Sandy Kress made a personal decision 25 years ago to transfer the energy and spirit he had devoted earlier in his life in the partisan political arena to the task of reforming public education. Sandy Kress has said, “It came to me way back then that if we get education right, our people will do fine in their lives. But if we don’t, there’s not much politics can do to make up for that failure.”

Sandy Kress was appointed in 1990 to chair a commission in Dallas to propose major reforms to improve the operations of the Dallas Public Schools. The school board adopted most of the reforms the Commission proposed, and Sandy Kress ran for and won a Board seat in 1992 to push for implementation of the reforms. He subsequently served as Vice President and President of the Board. By 1996, when Kress left the Board, the Dallas Public Schools had made unprecedented gains in student achievement as a result of these reforms.

Lieutenant Governor Bob Bullock noted the progress in Dallas and appointed Sandy Kress to the State Education and Economic Policy Committee. There Kress chaired the subcommittee that designed the education accountability system that the Legislature subsequently implemented in 1993. This accountability system was one of the first of its kind in the nation and led to significant student gains in Texas over the years that followed.

Governor George W. Bush appointed Kress to the Education Commission of the States where he began to push these reforms nationally.

Subsequently, Governor Perry asked Sandy Kress to Chair the Commission for a College Ready Texas and serve on his Competitiveness Council. In both roles, Kress pushed policies designed to help prepare more young Texans for postsecondary success, thereby improving their prospects in life as well as strengthening the overall economy in the state.

Kress has served as a Fellow at both the Bush Institute in Dallas and the Hunt Institute in North Carolina, where he has worked on major national education reform initiatives.

In addition, Kress has served in numerous capacities nationally, including reading, writing, and speaking on behalf of education reform and serving over most of the past decade on the committee that nominates finalists for the Broad Prize for best urban school district.

Sandy Kress has said: “We’ve spent almost 25 years in productive work that has helped raise student achievement and begun to close the pernicious achievement gap. We need to resist calls to return to the policies of yesteryear. We could very easily stall or actually lose ground. That would be a tragedy.”

Sandy Kress is now turning most of his time, energy, and spirit to the study and teaching of sacred texts and other religious topics. This engagement has begun with a major endeavor to teach the entire Torah cycle with an adult Bible study class at the Westlake Hills Presbyterian Church in Austin, Texas.

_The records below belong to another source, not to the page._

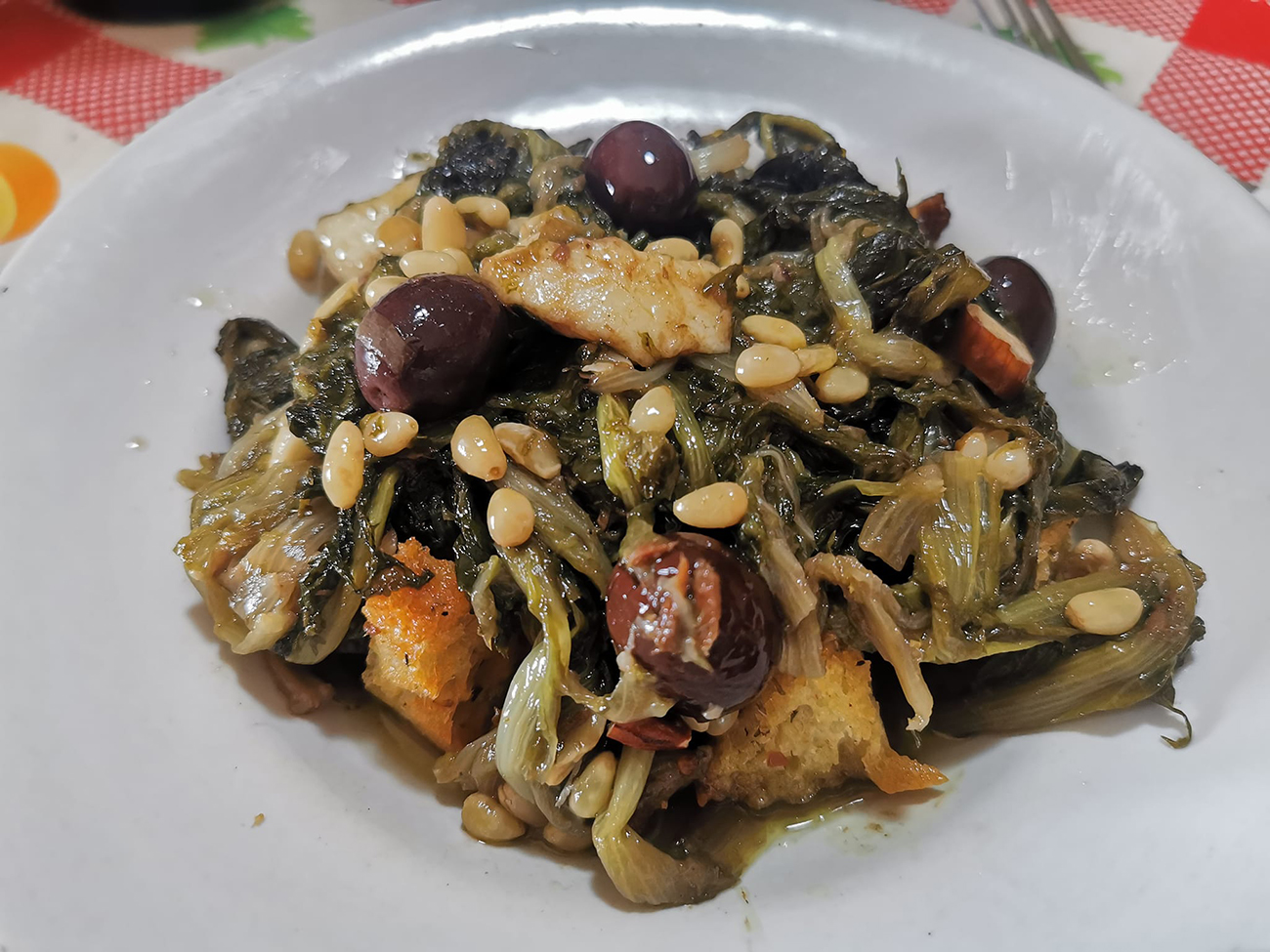 Scarole alla San Paolo, Un piatto tradizionale che racchiude i sapori autentici del Mediterraneo: la dolcezza delle scarole, il sapore deciso delle acciughe e delle olive, il croccante dei pinoli e delle noci, e un tocco di piccantezza dato dal peperoncino. Perfetto come contorno ricco o piatto unico leggero!
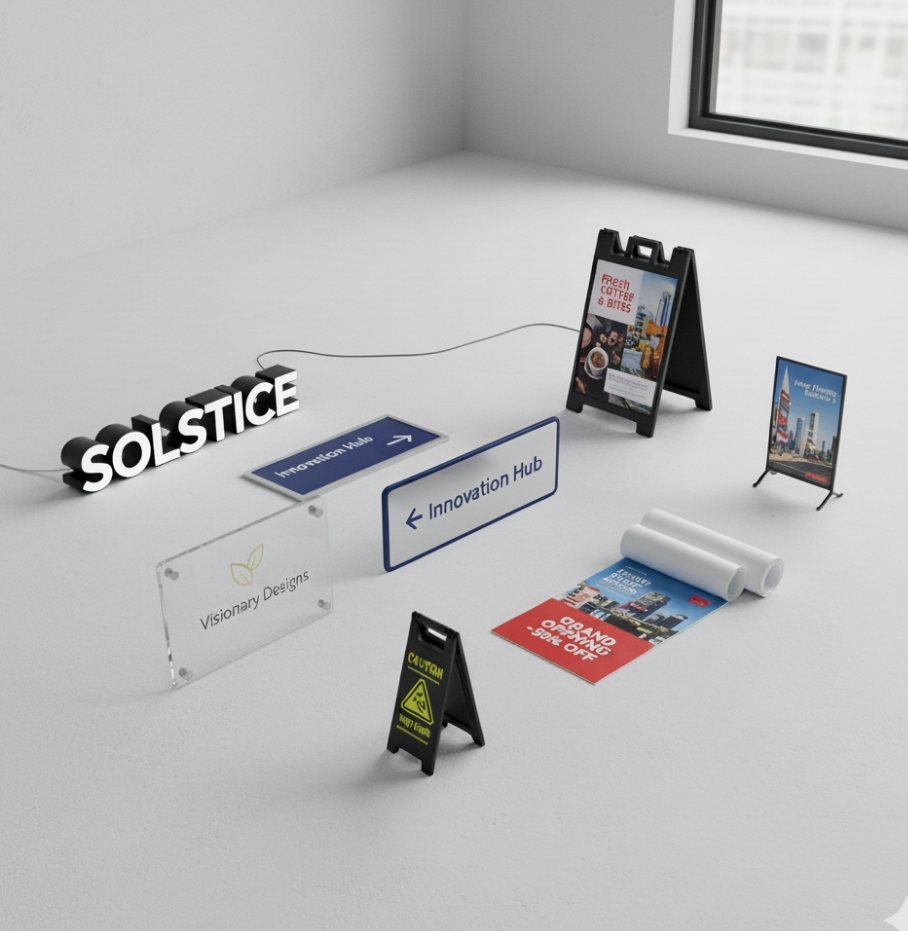 Yes, we design signage for both indoor branding and outdoor visibility.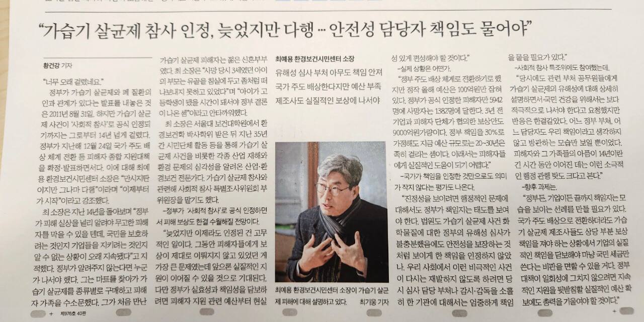 정부가 가습기 살균제와 폐 질환의 인과 관계가 있다는 발표를 내놓은 것은 2011년 8월 31일. 하지만 가습기 살균제 사건이 ‘사회적 참사’로 공식 인정되기까지는 그로부터 14년 넘게 걸렸다. 정부가 지난해 12월 24일 국가 주도 배상 체계 전환 등 피해자 종합 지원대책을 확정·발표하면서다. 이에 대해 최예용 환경보건시민센터 소장은 “만시지탄이지만 그나마 다행”이라며 “이제부터가 시작”이라고 강조했다.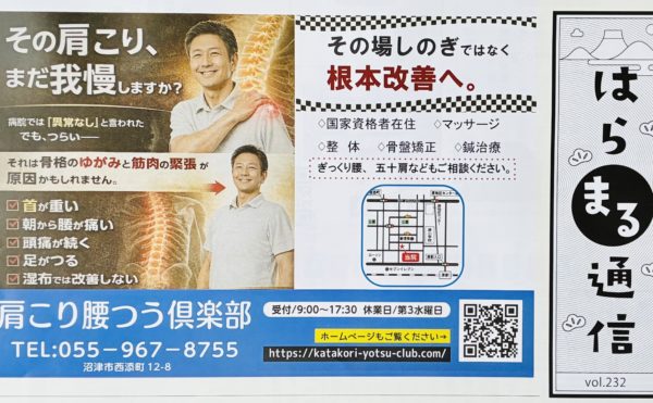NEW 2026年3月29日お知らせnews 『はら まる 通信』に掲載されました⭕️みなさん、いかがお過ごしでそうか。 今回は、肩こり腰つう倶楽部が「はら まる 通信」に掲載されたので、そのご報告。 季節の変わり目となるこの3月〜5月、ぎっくり腰や、身体の不調が増える時期。 こういう時期こそ、日頃の身体 […]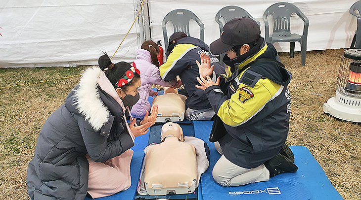 제주동부소방서 성산여성의용소방대(대장 홍재영)는 지난달 31일 열린 제31회 성산일출축제에서 관광객과 지역주민을 대상으로 심폐소생술과 자동제세동기(AED) 사용법 등을 알리는 생활안전교육을 실시했다.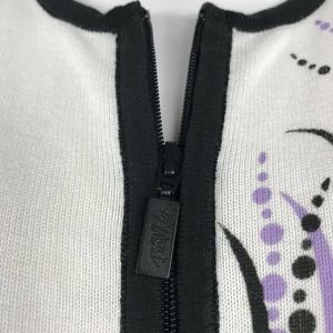 Bob Mackie Womens Cotton Blend White Purple Floral Full Zip Sweater

The posts here include the handouts at each of the classes during the year. All materials, including the lesson plans for, and audios of, the classes can be found atwww.thirdwell.org. The teacher’s notes can be found at www.slideshare.net/sandykress.

Also, the posts include blogs on each Haftarah portion from the Prophets and, more recently, blogs on favorite proverbs.

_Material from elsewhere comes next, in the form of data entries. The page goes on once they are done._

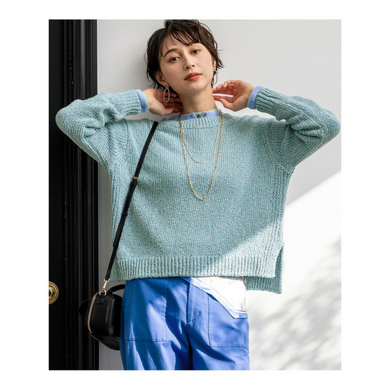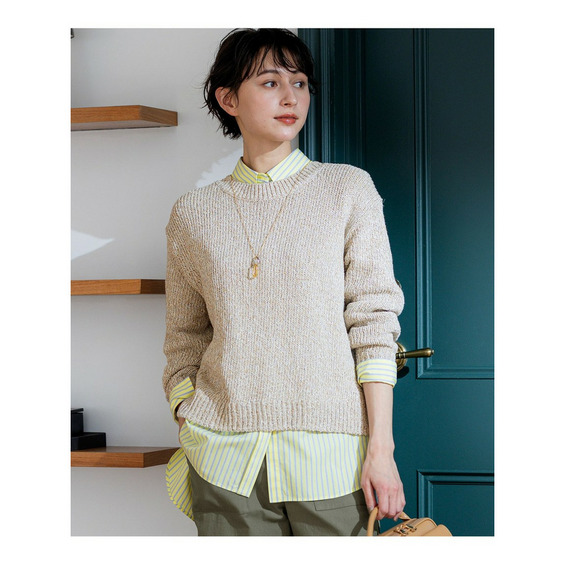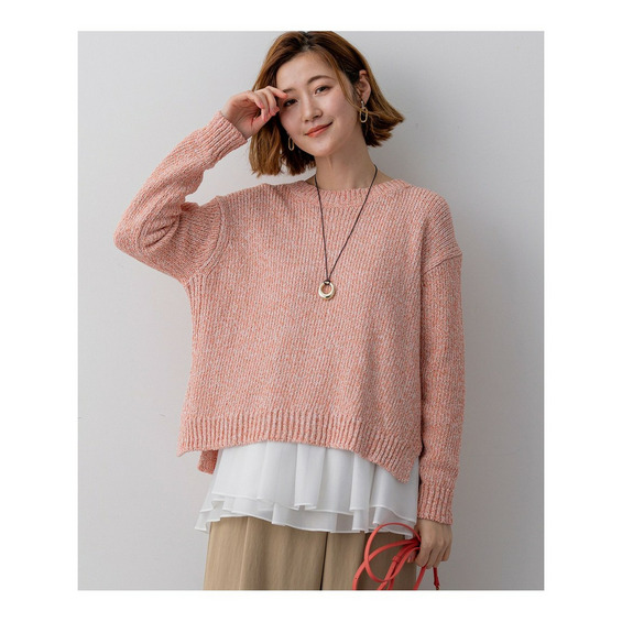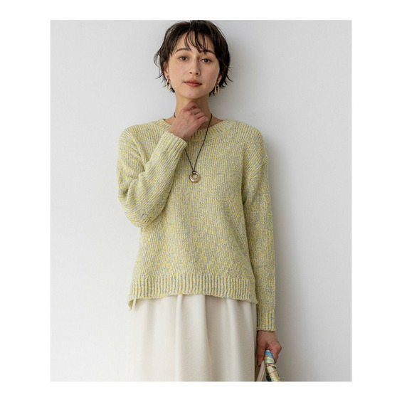 春らしい明るいミックスカラーが目を引く、イタリアインポートヤーンで編み立てたラウンドネックプルオーバーです。ややワイドなシルエットとクロップド丈が特徴で、ワイドパンツやスカートと合わせるだけで、バランスの取れた洗練された着こなしが完成します。サイドにはやや深めのスリットが入っており、インナーにシャツやTシャツなどを重ね着するレイヤードスタイルもおすすめです。コットンの柔らかな風合いと軽やかなカラーリングが、着る人の気分まで華やかに彩り、コーディネートに存在感をプラスします。休日のカジュアルスタイルや、友人とのランチなど、幅広いシーンで活躍する一枚です。カラーは、砂浜のような温かみのあるサンドミックス(#533)、明るく陽気な印象のイエローミックス(#542)、柔らかなオレンジがかったピンク系が魅力のアプリコットミックス(#512)、空のように爽やかなサックスミックス(#572)の4色展開です。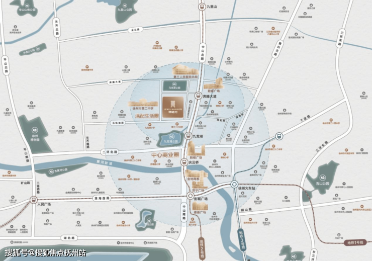 璟樾府深得此道,择址于徐州最为矜贵的鼓楼政务核心圈。其范围南至二环北路,北抵金马路,东临煤港路,西靠天齐路,占据着无可争议的城市中心地位。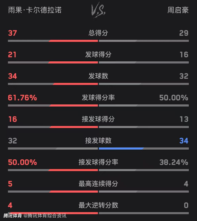 双方技术统计如下(周启豪在前):总得分29-37、发球得分16-21、发球得分率50%-61.76%。

4 thoughts on “About Sandy Kress

  1. Sandy, I think you know how much I respect your intellect and work. I will be 79 in January and have spent more than 60 years as a teacher, professor, author and editor, all in education. If I have learned anything, it is that there is no one path for all children. I have seen schools that remind me of the 1950s, I have seen schools that have kept up with technology, and I have seen “schools” with no classrooms (Dennis Littky – $25,000,000 in Gates money), and they all succeed when staffed by bright, committed teachers who work far beyond traditional hours, love kids, and care deeply about their students’ life circumstances. You are extraordinary, but I know of no narrow-gauge test that would reveal your many talents. Accountability must be greatly expanded to get at what different schools are trying to achieve. We do have a right to know that we are spending our money wisely.